ACTIVITY: Word for word, quote the lines from the one containing "初めに6年生が5年生にお手本" to the end of the entries below, including both. Leave pictures out.

START RECORDS FOR PROCESSING

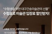 대구간송미술관이 14일부터 26학년도 수능 수험생을 대상으로 다양한 혜택을 제공한다. 수험표를 지참한 수험생에게는 미술관 입장료 최대 30% 할인 혜택(동반 1인 포함)이 제공되며, 이벤트 참여 시 다양한 기념품도 증정된다. 이와 함께 방송인 서경석, 영화감독 이준익이 참여하는 ‘간송예술강좌’를 개최하여 전시에 대한 다양한 의미를 되돌아보는 특별한 시간을 가진다. 수험생 대상 입장료 30% 할인(동반 1인 포함) 및 참여형 이벤트 진행, 11월 14일부터 수험생 입장료 30% 할인은 수능 다음날인 11월 14일부터 12월 31일까지 진행된다. 현재 미술관에서 전시 중인 광복 80주년 기념 기획전 《삼청도도 – 매·죽·난, 멈추지 않는 이야기》와 상설전 모두 할인 혜택을 받을 수 있다. 수험생 우대를 받기 위해서는 수능 수험표, 수시 합격증 등 수험생임을 증명할 수 있는 증빙서류를 매표소에 제시하면 된다. 이와 함께 미술관은 다양한 참여 이벤트를 마련했다. 연말까지 수험생 우대를 받고 입장한 선착순 250명에게 간송 대표 소장품이 담긴 컬러링 북을 선물한다. 더불어 대구간송미술관 카카오톡 채널 구독 인증, 관람
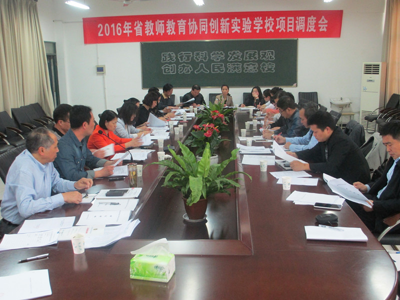 本网讯(教科院 孟庆娟)4月15日下午, 安徽省教师教育协同创新中心在弋江区南瑞实验学校行政楼二楼会议室召开实验学校项目调度会。弋江区教育局局长王敏,纪工委书记詹玉坤,副局长任忠友、周虹民,协同创新中心副主任阮成武、葛明贵,365英国上市官网副院长聂竹明,弋江区各实验项目学校校长、协同创新中心挂职副校长(园长)、首席专家等30余人参加了会议。会议由弋江区教育局副局长任忠友主持。
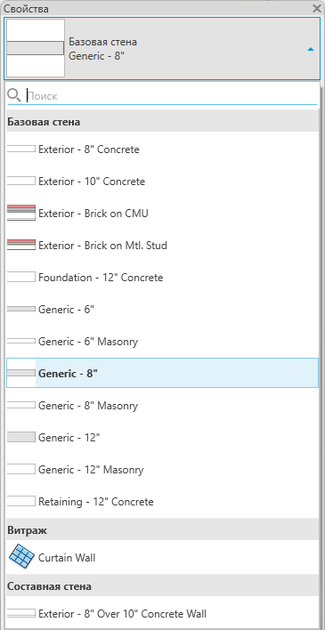 В списке «Выбор типа» отображается выбранный в данный момент типоразмер семейства, и кроме того, в нем можно выбрать другой типоразмер.
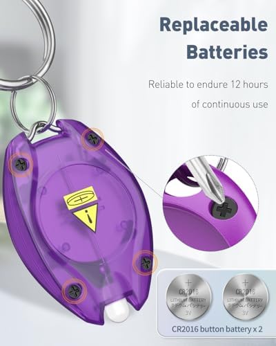- Replaceable Batteries: Each keychain flashlight is equipped with 2 CR2016 Lithium button cells. Each battery withstands 12 hours of continuous use. Replace the batteries by opening the shell from the bottom with a screwdriver
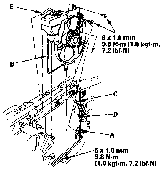 6. Remove the A/C compressor clutch connector (A) from the A/C condenser fan shroud (B). Disconnect the A/C condenser fan connector (C), then remove the wire harness clip (D) from the A/C condenser fan shroud. Remove the hose (E) from the radiator. Loosen the lower mounting bolt, then remove the upper mounting bolts and the A/C condenser fan shroud. Be careful not to damage the radiator fins when removing the A/C condenser fan shroud.
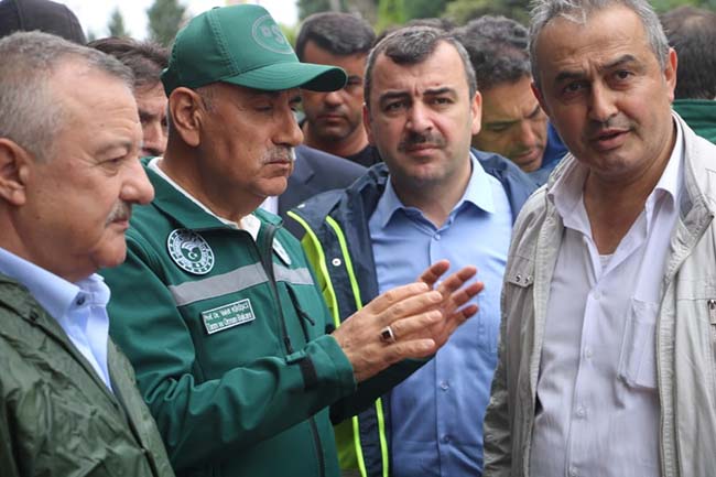 Tarım ve Orman Bakanı Prof. Dr. Vahit Kirişçi selin vurduğu Saltukova beldesinde incelemelerde bulundu.
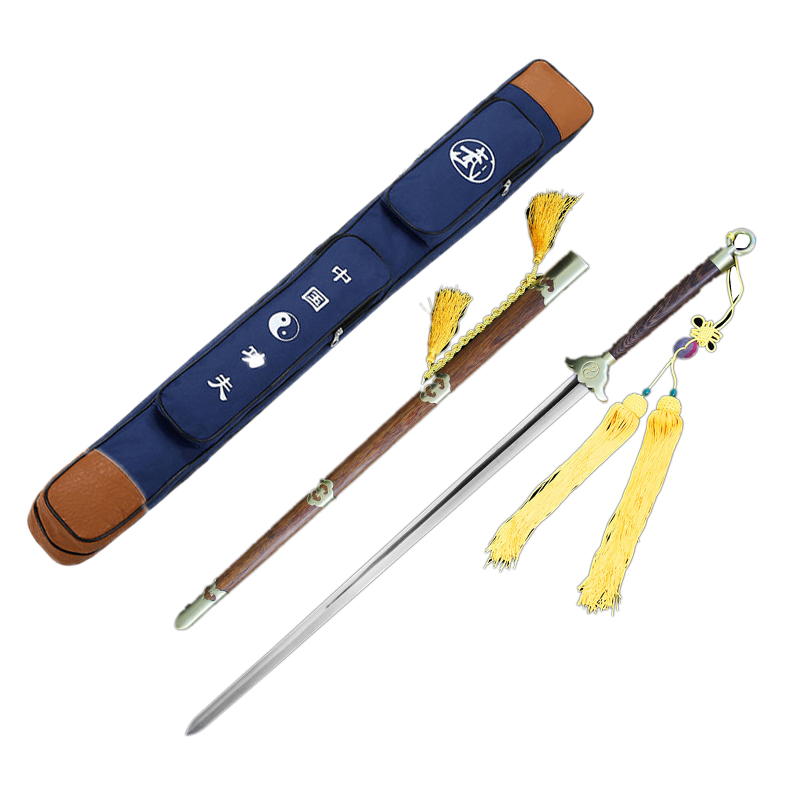 Unbladed Wudang Copper Ring Tai Chi Sword Men's and Women's Morning Exercise Performance Two-handed Sword Chicken Wing Wooden Sword Set Semi-hard Sword Stainless Steel
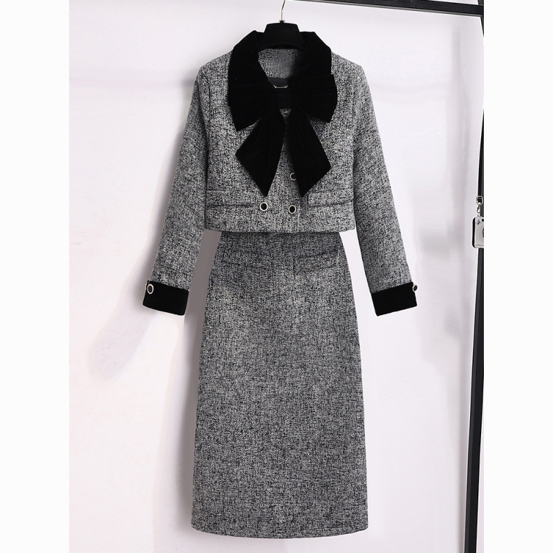 2024冬の小香風スーツスカート女性感気質名媛綿入り厚手コートスカート2点セット
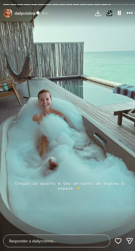 Instalada numa villa de luxo, a apresentadora tem sido surpreendida com vários mimos, incluindo um banho de espuma preparado à sua espera, um detalhe que ajudou a tornar a experiência ainda mais especial.
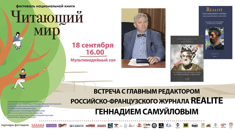 Мультимедийный залВ дни фестиваля в библиотеке пройдет встреча с главным редактором российско-французского журнала Réalité, доцентом Московского государственного лингвистического университета Геннадием Самуйловым. Издание посвящено лингвистическим, социально-политическим, философским исследованиям российских и французских вузов. Соиздателем журнала с российской стороны выступает Московский государственный лингвистический университет.
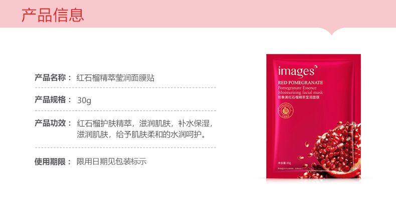 商品名称:形象美红石榴精萃莹润面膜30g 片装
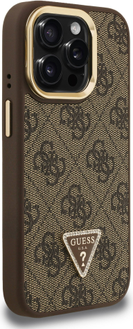 Guess PU 4G Strass Triangle Logo Stand Camera Frame MagSafe Case Aizsargapvalks priekš iPhone 15 Pro Max / brūns
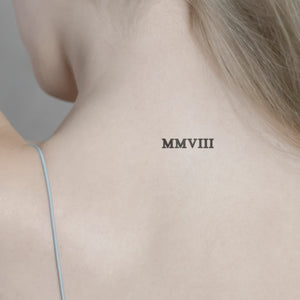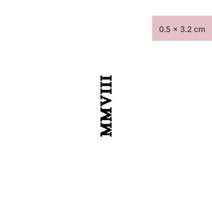 Celebrate un momento speciale con il nostro tatuaggio "Roman numeral MMVIII". Un'attrazione senza tempo che proietta un ricordo significativo del 2008 direttamente sulla vostra pelle. Catturate questo momento con la nostra tecnologia Jagua fruit per un massimo di due settimane senza temere un tatuaggio permanente. Perfetto per gli anniversari o come regalo simbolico per i vostri cari.
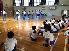 初めに6年生が5年生にお手本を見せました。その後、色ごとに分かれて6年生が5年生にやさしく振付を教えました。
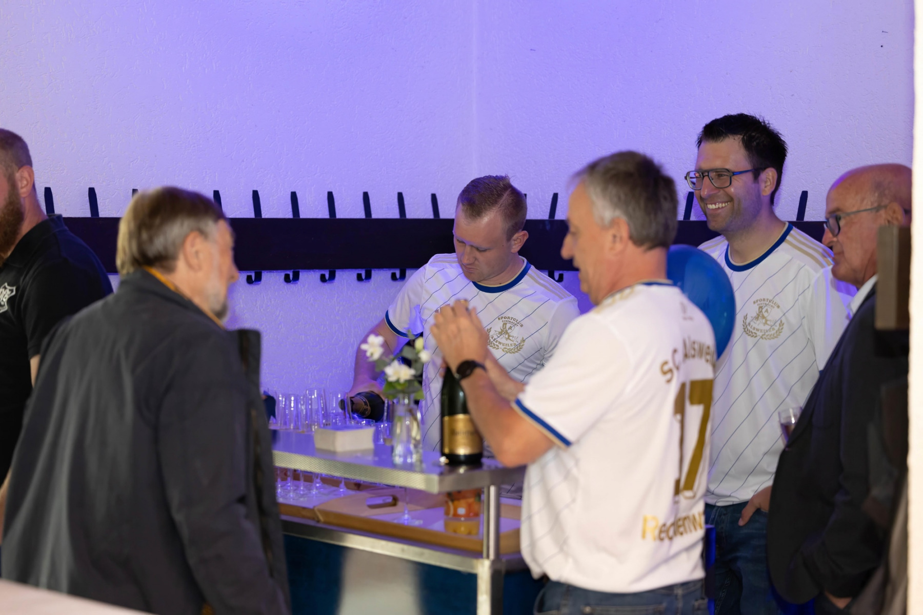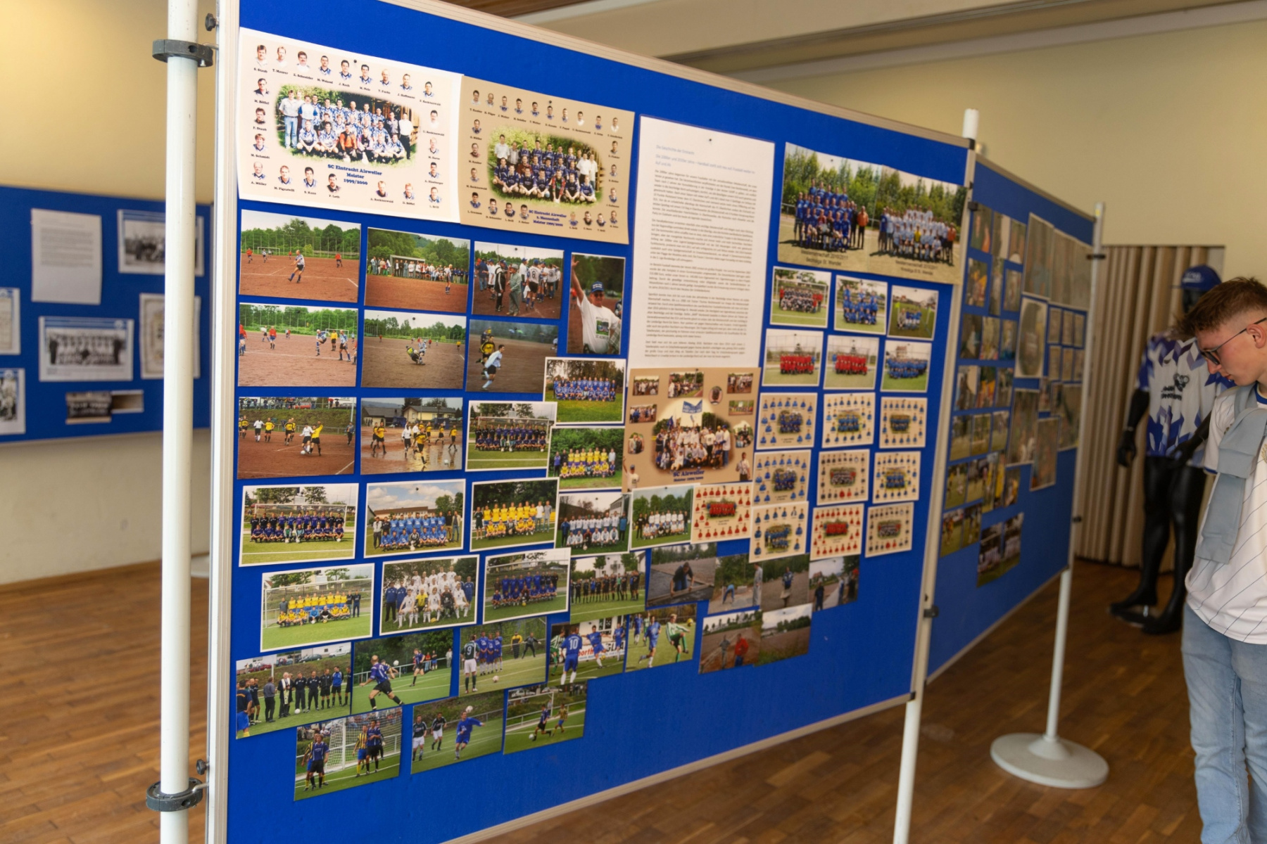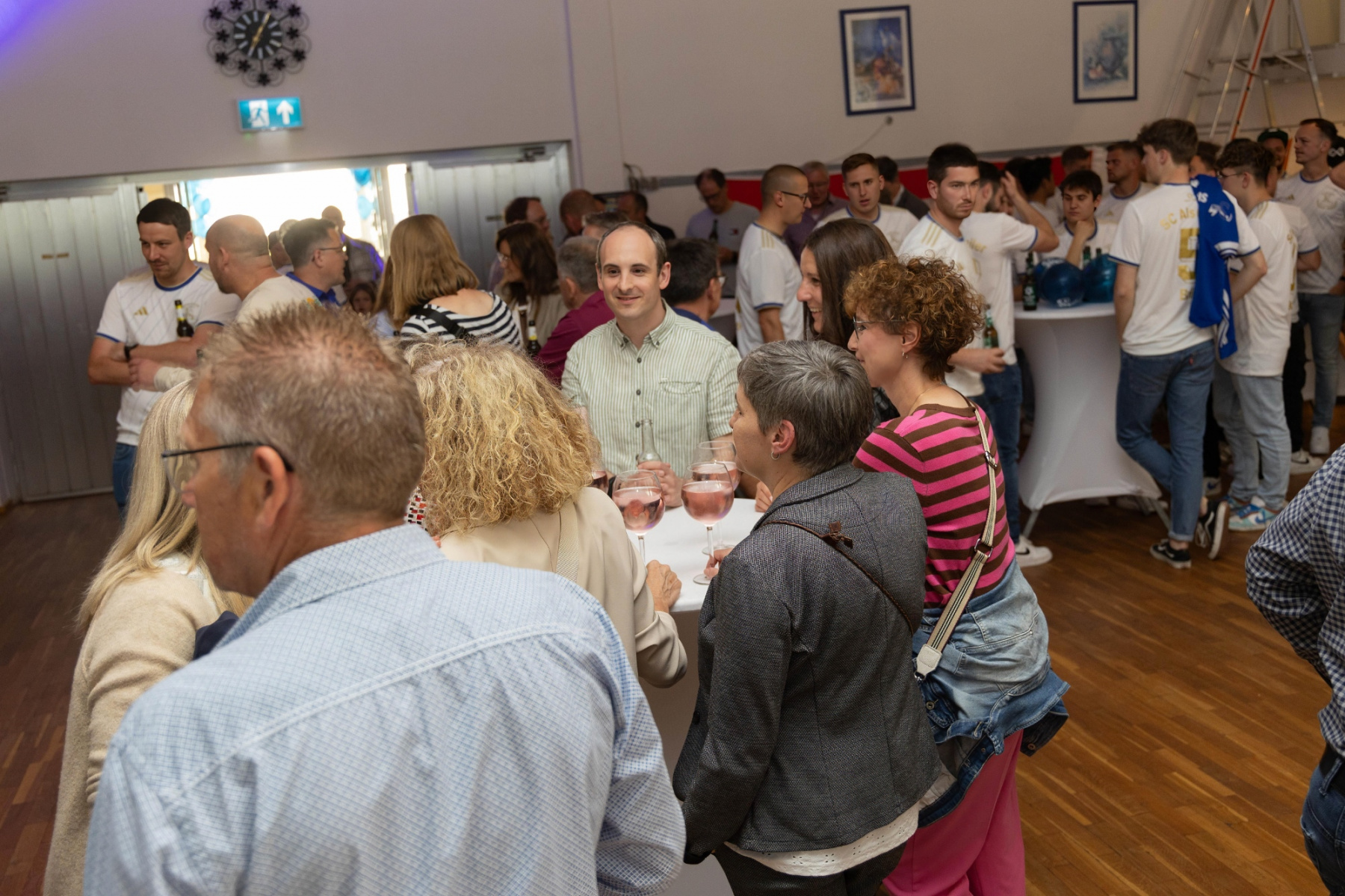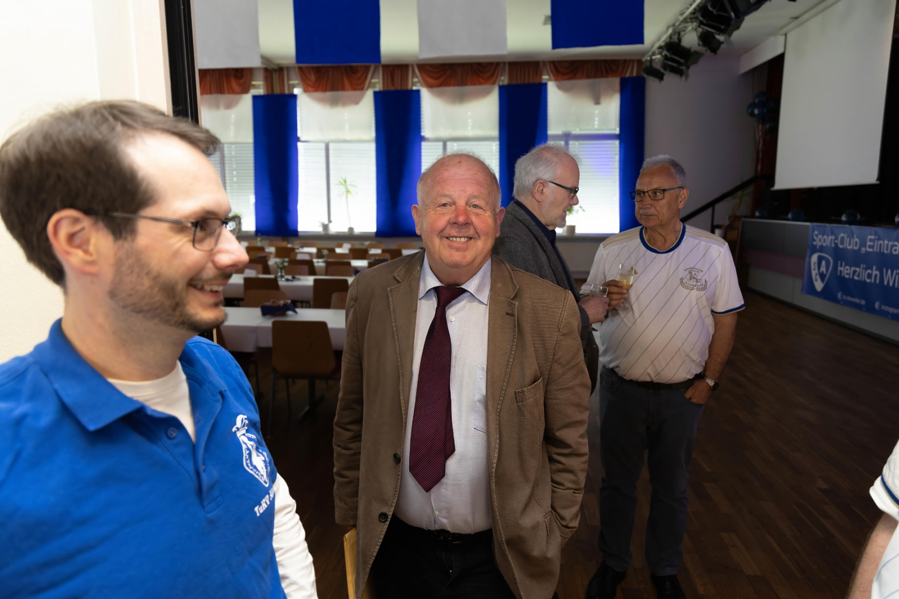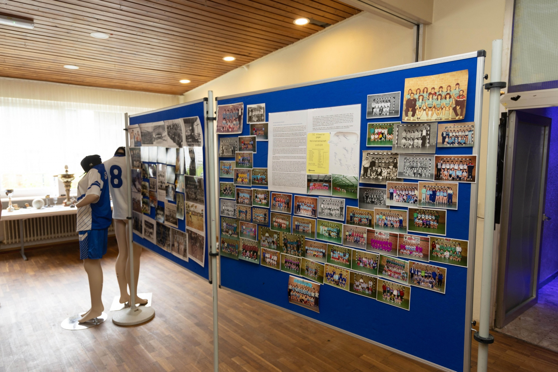 Zudem hielten die Räumlichkeiten eine große Überraschung parat: im „Raum der Geschichte“ wurde die Geschichte des Vereins durch zahlreiche Fotografien und Videomaterial der vergangenen Jahre stimmungsvoll präsentiert. Viele Gäste erkannten sich auf den Fotos wieder und tauschten sich über die früheren Zeiten aus.
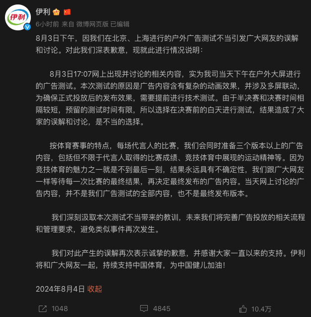 我们对此产生的误解再次表示诚挚的歉意,并感谢大家一直以来的支持。伊利将和广大网友一起,持续支持中国体育,为中国健儿加油!

END RECORDS FOR PROCESSING

TASK SOLUTION:
 初めに6年生が5年生にお手本を見せました。その後、色ごとに分かれて6年生が5年生にやさしく振付を教えました。
 Zudem hielten die Räumlichkeiten eine große Überraschung parat: im „Raum der Geschichte“ wurde die Geschichte des Vereins durch zahlreiche Fotografien und Videomaterial der vergangenen Jahre stimmungsvoll präsentiert. Viele Gäste erkannten sich auf den Fotos wieder und tauschten sich über die früheren Zeiten aus.
 我们对此产生的误解再次表示诚挚的歉意,并感谢大家一直以来的支持。伊利将和广大网友一起,持续支持中国体育,为中国健儿加油!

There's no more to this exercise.